■ WHAT IS NEEDED ■
Transcribe the listing verbatim, please, with images dropped.

■ RECORDED DATA ■

——————

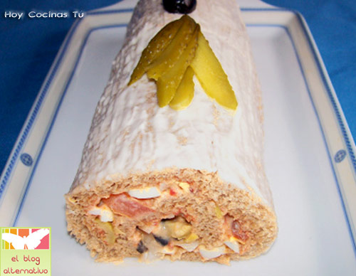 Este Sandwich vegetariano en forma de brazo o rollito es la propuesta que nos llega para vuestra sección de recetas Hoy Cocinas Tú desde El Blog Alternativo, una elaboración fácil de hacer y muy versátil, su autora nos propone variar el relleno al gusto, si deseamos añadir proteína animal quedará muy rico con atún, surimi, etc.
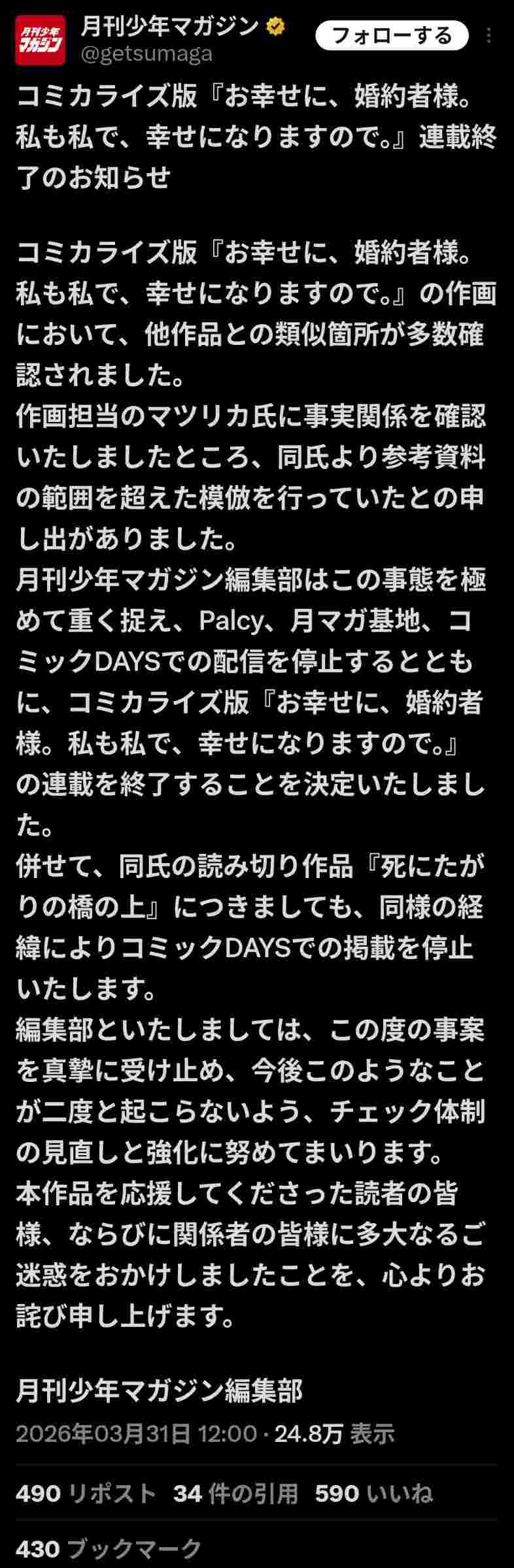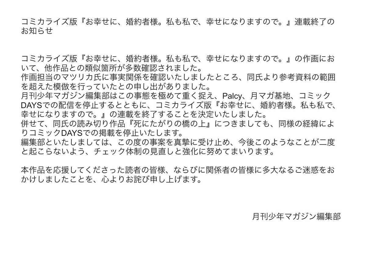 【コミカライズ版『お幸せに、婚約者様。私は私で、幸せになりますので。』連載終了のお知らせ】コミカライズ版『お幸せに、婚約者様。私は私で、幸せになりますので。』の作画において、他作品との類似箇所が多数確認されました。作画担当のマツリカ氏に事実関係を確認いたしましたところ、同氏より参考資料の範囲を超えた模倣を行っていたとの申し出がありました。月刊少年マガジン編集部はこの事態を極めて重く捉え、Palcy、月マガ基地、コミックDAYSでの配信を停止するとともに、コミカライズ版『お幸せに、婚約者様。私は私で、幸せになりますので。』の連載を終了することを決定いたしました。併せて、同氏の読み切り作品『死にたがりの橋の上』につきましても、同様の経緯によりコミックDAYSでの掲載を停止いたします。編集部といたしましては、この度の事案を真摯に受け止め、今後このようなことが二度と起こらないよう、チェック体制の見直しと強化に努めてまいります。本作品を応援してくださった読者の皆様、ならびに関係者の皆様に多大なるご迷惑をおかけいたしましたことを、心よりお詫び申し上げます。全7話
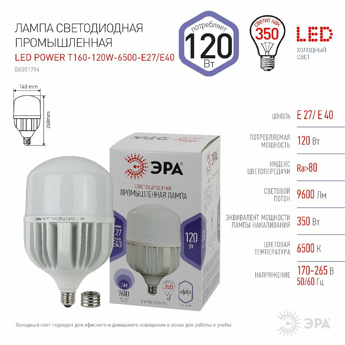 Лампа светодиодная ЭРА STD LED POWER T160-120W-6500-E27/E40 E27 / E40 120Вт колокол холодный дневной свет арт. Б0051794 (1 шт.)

——————

■ PROBLEM SOLUTION ■
 Este Sandwich vegetariano en forma de brazo o rollito es la propuesta que nos llega para vuestra sección de recetas Hoy Cocinas Tú desde El Blog Alternativo, una elaboración fácil de hacer y muy versátil, su autora nos propone variar el relleno al gusto, si deseamos añadir proteína animal quedará muy rico con atún, surimi, etc.
 【コミカライズ版『お幸せに、婚約者様。私は私で、幸せになりますので。』連載終了のお知らせ】コミカライズ版『お幸せに、婚約者様。私は私で、幸せになりますので。』の作画において、他作品との類似箇所が多数確認されました。作画担当のマツリカ氏に事実関係を確認いたしましたところ、同氏より参考資料の範囲を超えた模倣を行っていたとの申し出がありました。月刊少年マガジン編集部はこの事態を極めて重く捉え、Palcy、月マガ基地、コミックDAYSでの配信を停止するとともに、コミカライズ版『お幸せに、婚約者様。私は私で、幸せになりますので。』の連載を終了することを決定いたしました。併せて、同氏の読み切り作品『死にたがりの橋の上』につきましても、同様の経緯によりコミックDAYSでの掲載を停止いたします。編集部といたしましては、この度の事案を真摯に受け止め、今後このようなことが二度と起こらないよう、チェック体制の見直しと強化に努めてまいります。本作品を応援してくださった読者の皆様、ならびに関係者の皆様に多大なるご迷惑をおかけいたしましたことを、心よりお詫び申し上げます。全7話
 Лампа светодиодная ЭРА STD LED POWER T160-120W-6500-E27/E40 E27 / E40 120Вт колокол холодный дневной свет арт. Б0051794 (1 шт.)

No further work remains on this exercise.